Ordinary wrong is detectable. The output doesn’t match the facts. The logic breaks down somewhere visible. A human reviewer catches it, or a validation layer flags it, or the downstream result fails in a way that traces back to the source. Ordinary wrong has a paper trail.
Justifiably false is different. The system isn’t malfunctioning. It isn’t hallucinating in the dramatic sense people imagine when they hear that word. It produces outputs that are internally consistent, confidently stated, and grounded in whatever it has come to believe is true. It is wrong in a way that cannot be detected by looking at the output alone, because the output looks exactly like a correct answer would look.
The system isn’t lying.
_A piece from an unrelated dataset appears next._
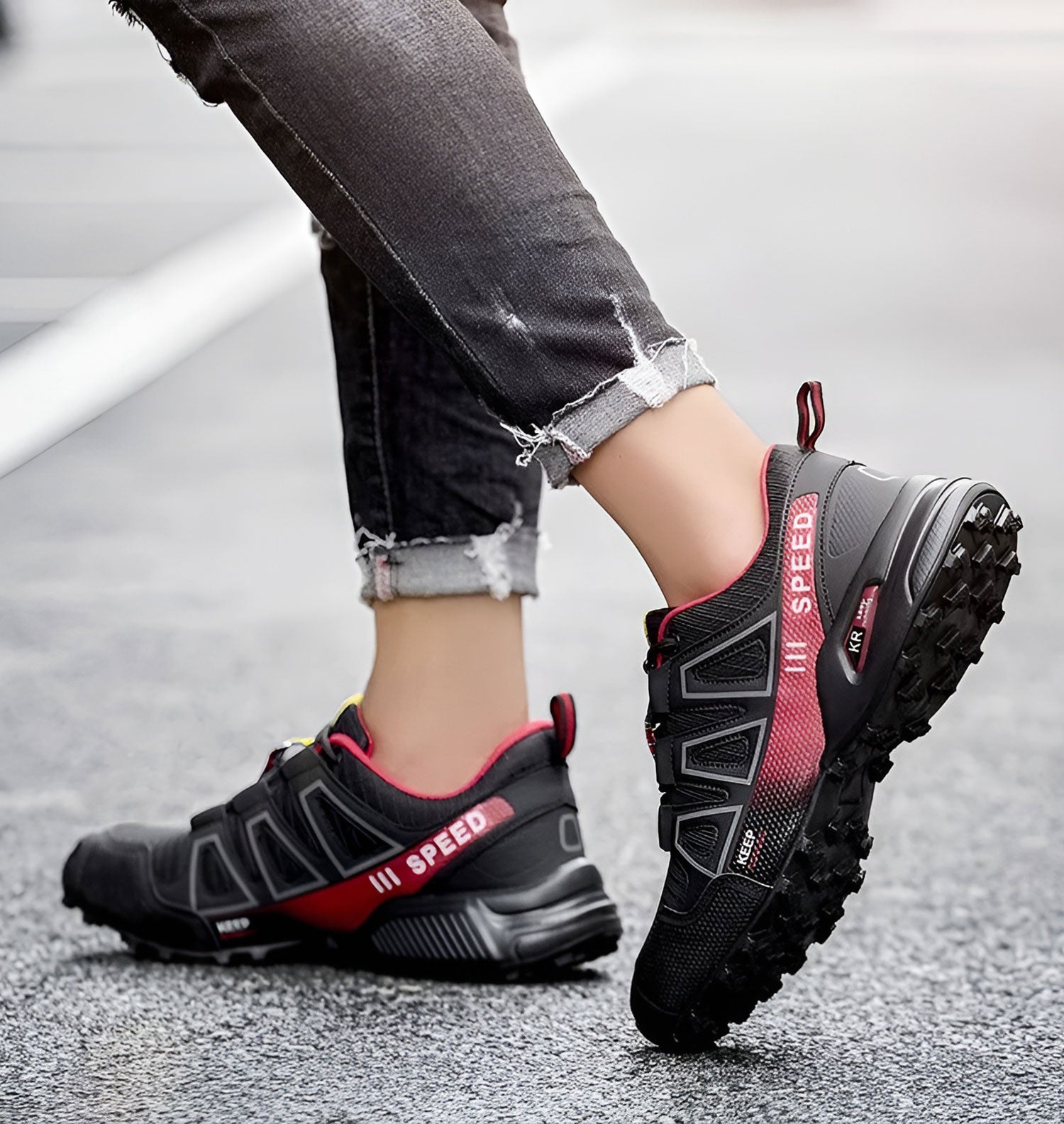 Dank der rutschfesten Gummisohle bieten diese Wanderschuhe hervorragenden Halt auf nassem, matschigem oder felsigem Boden. Sie sind speziell für technisches Gelände und schwierige Bedingungen entwickelt, sodass du jederzeit sicher und stabil unterwegs bist.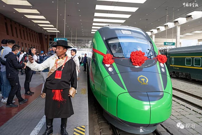 上圖為“複興號”動車組開動前,一位藏民在動車組前拍照留念。(通訊員 丁慶斌/攝 記者 白立新/文)

It isn’t confused. It is, from its own frame of reference, right.
I would also argue that this isn’t hallucination. This isn’t any type of typical drift.
Justifiably false, if I were to overly simplify it, is an opinion.
Confidence is not a signal of correctness.
One of the things that makes AI outputs feel authoritative is that they don’t hedge the way a knowledgeable human would. A human expert, when uncertain, usually signals that uncertainty. They qualify. They say “I think,” or “I believe,” or “you should verify this.” The language includes doubt with it.
AI systems don’t do this reliably. They present correct answers and incorrect answers in roughly the same tone, with roughly the same apparent confidence. The output doesn’t tell you which is which.
We’ve known this for a while, but we’ve mostly talked about it as a hallucination problem. Or a confabulation problem. A discrete event where the system invents something. A fact that doesn’t exist. A citation to a paper that was never written. These are real issues, but they are the visible edge of something deeper.
The deeper issue is what happens when the model’s sense of what is true has itself been altered. Not in a single output, but structurally. When the baseline of what the system considers accurate has shifted away from what was validated at deployment, and neither the system nor the people using it has any way to know.
Governance was built for a different kind of error.
Most governance frameworks, for AI or anything else, are built around the assumption that errors are detectable. You set up checks. The checks catch deviations from expected behavior. Someone reviews the deviation and decides what to do about it.
This works when ‘wrong’ looks different from ‘right’.
Justifiably false breaks that assumption. If a system has learned to believe something incorrectly, its outputs will be consistent with that belief. Similar to AI outputs suggesting that AI is autonomous when it is not, or that the sky is green, if you trained it enough to believe that.
The internal logic holds. The tone is authoritative. The answer arrives without caveat. A governance layer designed to catch deviations will find nothing to flag, because the output is not deviating from what the system believes. It is doing exactly what it is supposed to do.
This is why, in a recent conversation about this, I wrote that it is increasingly challenging to govern systems when the system itself is justifiably false.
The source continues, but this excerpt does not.